Vagnozzi al ‘Million Dollar 1 Point Slam’: il coach di Sinner eliminato senza toccare la pallina
Eliminato e senza toccare palla, povero Vagnozzi. Tra i tanti partecipanti a “Million Dollar 1 Point Slam”, divertente torneo per professionisti e dilettanti insieme, in programma alla vigilia degli Australian Open, c’era anche uno degli allenatori di Jannik Sinner: Simone Vagnozzi, 42 anni, che da tennista nel 2011 aveva raggiunto la posizione numero 161 del ranking Atp (in quell’aprile di quasi 15 anni fa, a Barcellona, aveva superato prima Fognini e poi Monaco, per poi arrendersi a Juan Carlos Ferrero, fino all’altro giorno tecnico di Alcaraz) è stato sconfitto al secondo turno dall’australiano Calum Puttergill (279 Atp), dopo aver superato nella partita d’esordio il dilettante Luke Saville.


Come funziona il ‘Million Dollar 1 Point Slam’

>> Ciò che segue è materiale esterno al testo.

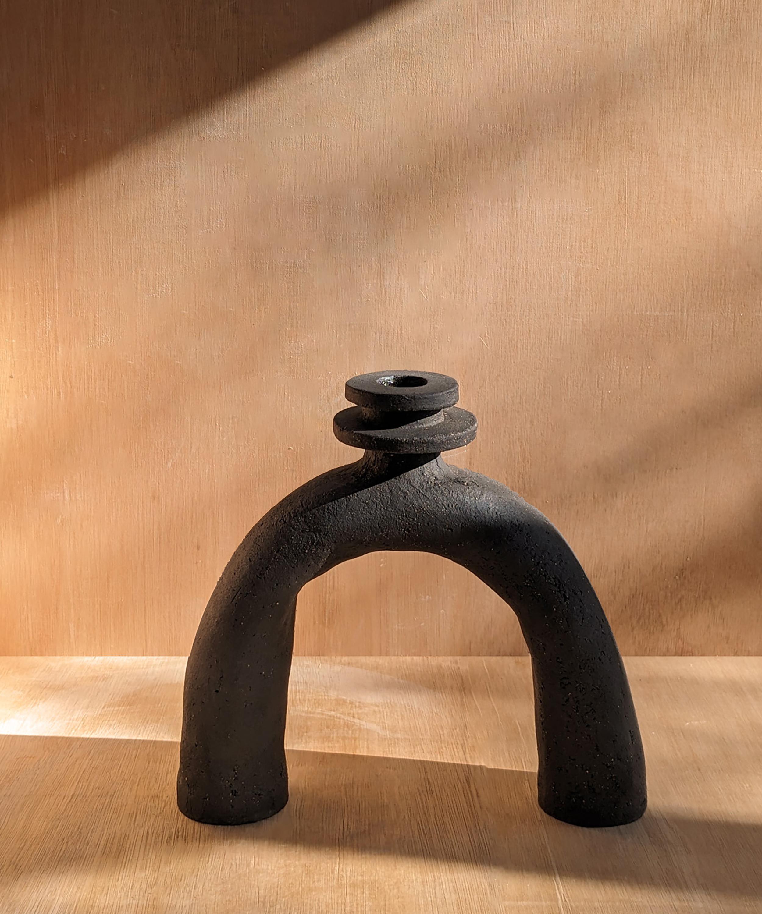 Made from a textured Vulcan black clay and glazed inside with a 'Nori' gloss glaze, this versatile piece doubles as a vase for a polished and practical addition to your shelfscape or mantlepiece.
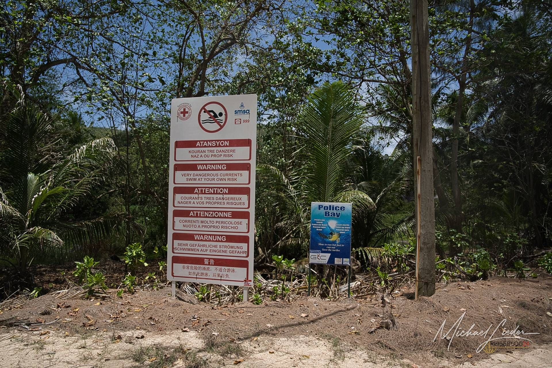 Und dann – plötzlich – öffnet sich der Blick: Ein endloser Strand, türkisblaues Wasser, Wellen, die mit solcher Wucht anrollen, dass selbst erfahrene Surfer kurz überlegen, ob sie vielleicht doch lieber Muscheln sammeln sollten. Es ist wild, roh, ungezähmt – und genau deshalb wunderschön. Direkt am Eingang zur Police Bay steht ein Schild, das vor der gefährlichen Strömung warnt. Und ehrlich gesagt: Wir haben uns angeschaut, genickt – und beschlossen, dass wir hier wohl keinen Badestopp einlegen. Stattdessen genießen wir die Brandung, die im Takt eines kosmischen Metronoms gegen die Küste schlägt. Jede Welle ist lauter, mächtiger, lebendiger als die vorige. Weit und breit kein Mensch, nur wir, ein einsames Auto am Straßenrand – und irgendwo vielleicht noch ein anderer Glückspilz, der den Tag genauso zelebriert. Hier versteht man, warum viele Reisende sagen, die Seychellen sind mehr als Honeymoon-Klischee und Resort-Romantik. Police Bay ist die ungeschminkte Wahrheit – das Gesicht der Insel, bevor der Tourismus Make-up auftrug. Man steht da, den Sand zwischen den Zehen, die Gischt im Gesicht, und denkt: Wenn das hier das Ende der Welt ist, dann soll sie bitte noch ein paar Meter so weitergehen.

Vale la pena raccontare le regole di questa originale manifestazione, che mercoledì sera vivrà il suo momento clou con 22 professionisti (ci saranno anche Alcaraz e Sinner) e 10 dilettanti dei club locali ad affrontarsi nella Rod Laver Arena: le partite sono da un solo punto, chi vince passa al turno successivo, non c’è sorteggio ma batte chi la spunta a morra cinese (“carta-forbice-sasso”). Il montepremi – un milione di dollari australiani, appunto: circa 575.000 euro – se lo prende tutto il vincitore finale. Questa è la fase delle qualificazioni. E Vagnozzi non è mai riuscito a colpire la pallina perché nel primo turno Saville ha commesso un doppio fallo, nel secondo Puttergill ha piazzato un servizio vincente. Pazienza, sarà per la prossima volta.

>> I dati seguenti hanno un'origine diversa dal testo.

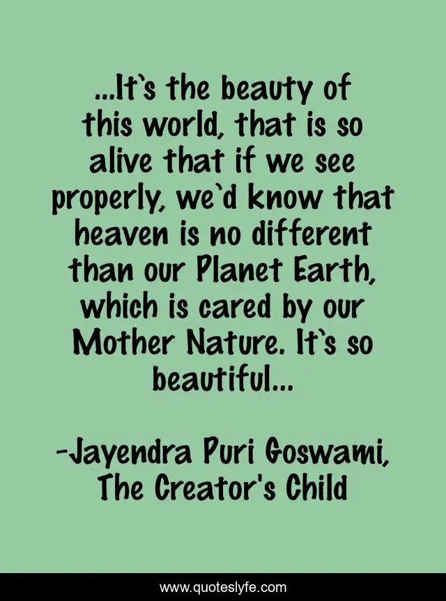 This page presents the quote "...It’s the beauty of this world, that is so alive that if we see properly, we’d know that heaven is no different than our Planet Earth, which is cared by our Mother Nature. It’s so beautiful…". Author of this quote is Jayendra Puri Goswami, The Creator's Child. This quote is about heaven, beauty, nature, mother, earth, world,.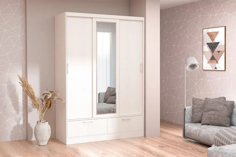 Шкаф-купе 009, трехдверный, с ящиками, бодега белая Диал в Тюмени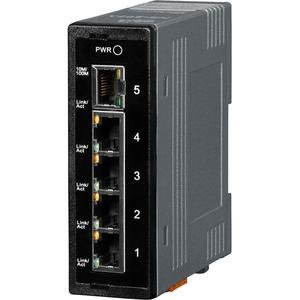 Коммутатор NS-205A, 5 портов 10/100 Base-T(X), питание +12~56 V DC, пропускная способность 3.2 Гбит/с, пластиковый корпус, крепление на DIN-рейку

Qualificazioni Australian Open
Nel frattempo gli Australian Open sono partiti sul serio con le qualificazioni, che vedevano impegnati diversi italiani: nel singolare maschile hanno passato il primo turno Francesco Passaro (7-6, 6-4 con l’estone Lajal), Giulio Zeppieri (6-3, 6-3 al francese Added), fuori invece Andrea Pellegrino (battuto dall’australiano Sweeny 6-2, 4-6, 6-3). Nel femminile, semaforo verde per Lucia Bronzetti (6-0, 6-7, 6-1 con la spagnola Bolsova Zadoinov), niente da fare per Nuria Brancaccio (7-5, 4-6, 7-5 con la statunitense Stoiana) e Camilla Rosatello (6-3, 6-2 con la lituana Mikulskyte).